Ingredients for 4 people

  • 1 cauliflower of 1 kg
  • 250 g baby spinach
  • 1 bulb of fennel
  • 4 artichokes
  • 2 lemons, the juice
  • ¼ red cabbage
  • 1 pomegranate
  • 1 tablespoon of natural capers
  • 4 tablespoons of extra virgin olive oil
  • 1 teaspoon turmeric
  • ⅛ teaspoon freshly ground black pepper
  • 1 clove garlic
  • about 20 mint leaves

Preparation

  1. Slice the artichokes very thin with a mandolin and place them in a bowl with the lemon juice, massage them gently so that they impregnate well and let them marinate while you prepare the rest of the salad.
  2. Chop (with a knife or in a processor) the cauliflower florets to the point of rice. Reserve them.
  3. Beat the oil with the garlic, turmeric and pepper until you get a homogeneous mixture. Add it to the cauliflower and stir well with the help of a wooden spoon. Let it marinate while you prepare the rest of the ingredient.

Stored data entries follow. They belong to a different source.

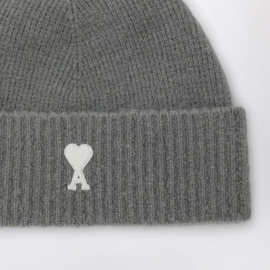 Ami paris gris wool beanie, characterized by a ribbed texture and a turned-up hem with a white ami de coeur patch.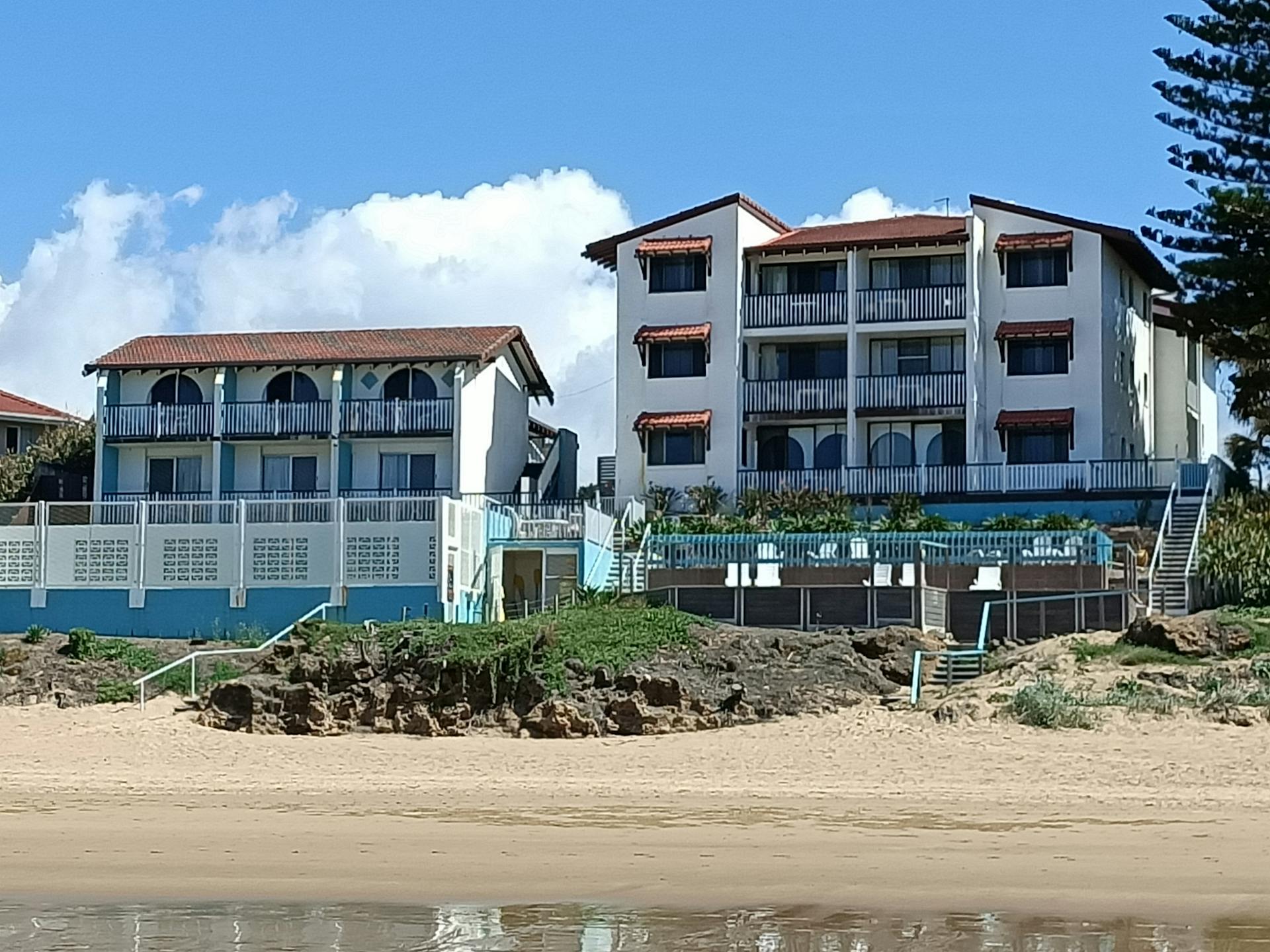They offer Studio style rooms for overnight stays and short breaks to self-contained apartments for longer stays and families accommodating up to 6 people all with views of either the pool or beach, free wi fi and air conditioning.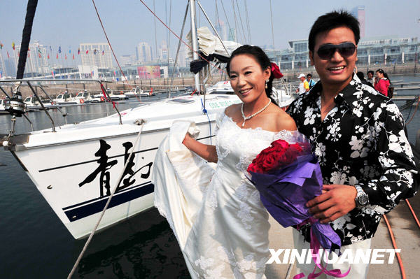 10月15日,北京奧運會女子RS-X級帆板金牌獲得者殷劍重返給她帶來好運的青島奧帆中心拍攝婚紗照。新婚在即,她特意選擇這片自己征戰(zhàn)并獲得成功的賽場上與親密愛人留下“事業(yè)見證愛情”的美好紀念。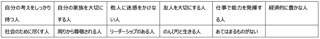 表2. 「お子様に、将来どのような人になってほしいと思いますか」という質問の11の選択肢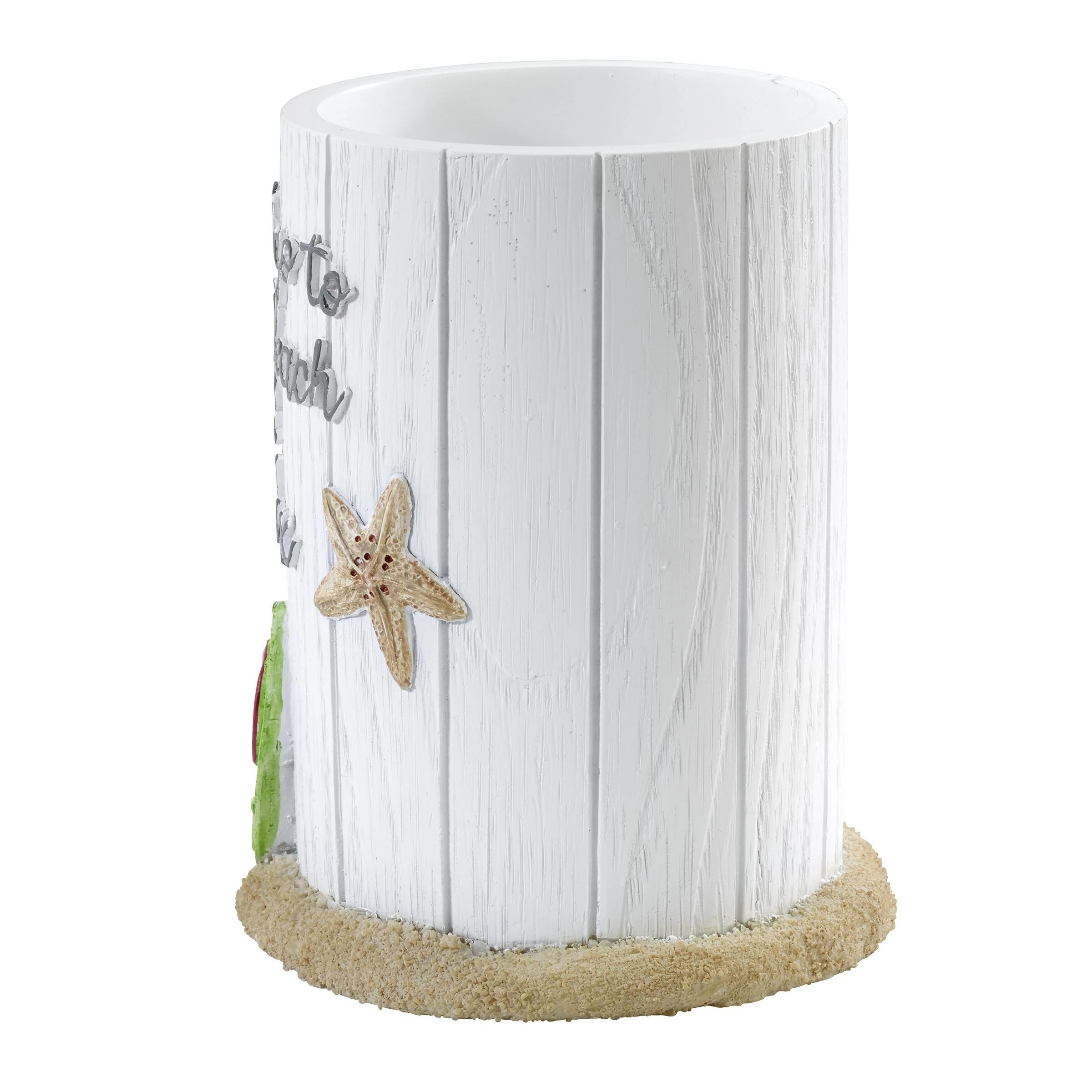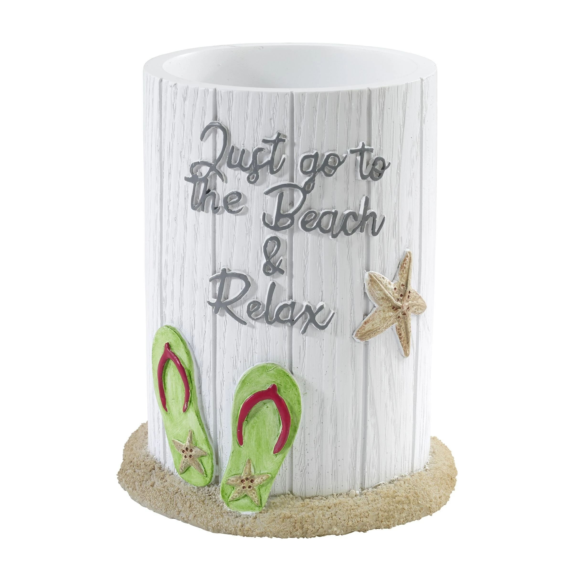 The Avanti Beach Mode Collection Tumbler says “just go to the beach and relax” on a white shiplap ground. Made of durable, hand-painted resin, a pair of green flip-flops, a starfish and a base made of realistically-looking sand finish the look. Coordinating pieces available. Imported.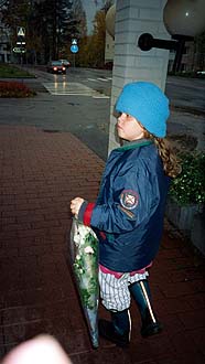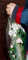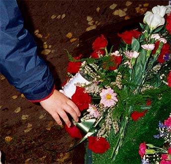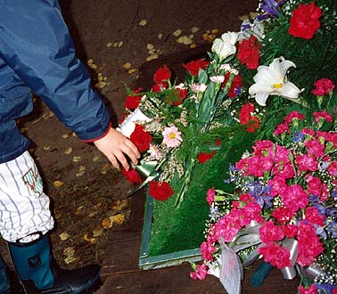 kukat papan haudalle syksyn lehtien putoillessa. |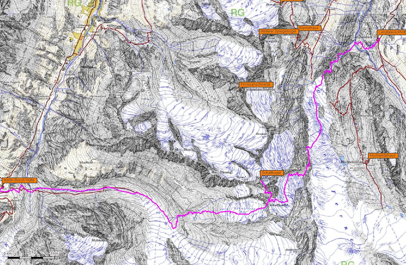 Zur Abfahrt queren wir dann den steilen Nordosthang und fahren dann über eine flachere Rampe den Osthang ab, bis wir auf ca. 3140m in die Nordwestflanke einfahren können. Dann immer nach Norden bis man eine Rippe überqueren kann und so auf den Mittelteil des Hangererferners gelangt. Nun halten wir uns nicht zu tief und gelangen so auf einer Höhe von 2700m auf die Route vom Eiskögele. Dieser folgen wir dann bis ins Rotmoostal. Manche machen noch einen Einkehrschwung in der neuen Schönwieshütte.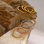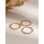 हमारे 3 स्टैकेबल रिंग के सेट के साथ अपनी स्टाइल को और निखारें। उच्च गुणवत्ता वाले 18K PVD गोल्ड प्लेटेड स्टेनलेस स्टील से बनी ये रिंग रोज़ाना पहनने के लिए बिल्कुल सही हैं। एक बहुमुखी और आकर्षक लुक के लिए गोल्ड, सिल्वर और रोज़ गोल्ड को मिक्स एंड मैच करें। किसी भी महिला के ज्वेलरी कलेक्शन में एक ज़रूरी चीज़।

Cauliflower salad with peanuts

An original, healthy and super nutritious salad with ingredients from home. Take note!

Ingredients for 2 people

  • 300g cauliflower, separated into florets
  • 1 good bunch of lamb’s lettuce
  • 10 cherry tomatoes
  • 2 tablespoons peanut butter (no sugar added)
  • 1 tablespoon flax seeds
  • Half cup water

Preparation

  1. Before you start, heat the oven to 200 ° C.
  2. In a bowl, mix the peanut butter with half a cup of water and the flax seeds until they form a sauce without large lumps.
  3. Put the cauliflower florets on a baking sheet and mix well with the previous sauce.
  4. Put it in the oven at medium height, at 200 ° C and with heat up and down. The cauliflower will take about 18 minutes to be ready, but you can check it by looking for a golden brown.
  5. Then put a bowl or plate with the lamb’s lettuce and the cherry tomatoes cut into quarters. Tomatoes must be removed from the refrigerator a while before so that they have all their flavor.
  6. Take the cauliflower out of the oven and let it rest for 5 minutes.
  7. Then put it on the lamb’s lettuce and tomatoes and you can serve it.

Rich variants

Instead of peanut butter, you can also make the salad with other creams such as hummus (from chickpeas), babaganoush (from aubergines) or lentil puree.

Buckwheat with azukis and wok cauliflower

This recipe, in addition to being colorful, is very complete. It’s a delicious way to add cauliflower to your plate:

Ingredients for 4 people

  • 300 g of buckwheat (buckwheat)
  • 350 ml of water or broth
  • 1 medium onion
  • 1 small red bell pepper
  • 1 green bell pepper
  • A few strands of saffron
  • 200 g of azukis already cooked
  • Sweet paprika
  • 1 medium cauliflower
  • Sea salt
  • Virgin olive oil

Preparation

  1. Put a saucepan on the fire with a splash of oil. When hot add the onion, cut into small cubes, and the peppers, cut into strips. Sauté these two vegetables for a few minutes.
  2. Add the buckwheat and stir. Then add the broth, the saffron threads, and add a little salt. Cover the saucepan.
  3. When it reaches a boil, lower the flame, letting it simmer until it has absorbed the broth. Then remove the casserole from the heat and let it rest for a few minutes without a lid.
  4. Meanwhile, cut the cauliflower into florets and pass them through a wok with a little olive oil. When the cauliflower is cooked but still crispy on the inside, remove it from the heat.
  5. Assemble the dishes by placing a buckwheat base, two tablespoons of azukis and the cauliflower on top.
  6. Top the recipe by sprinkling a little sweet paprika on the plate.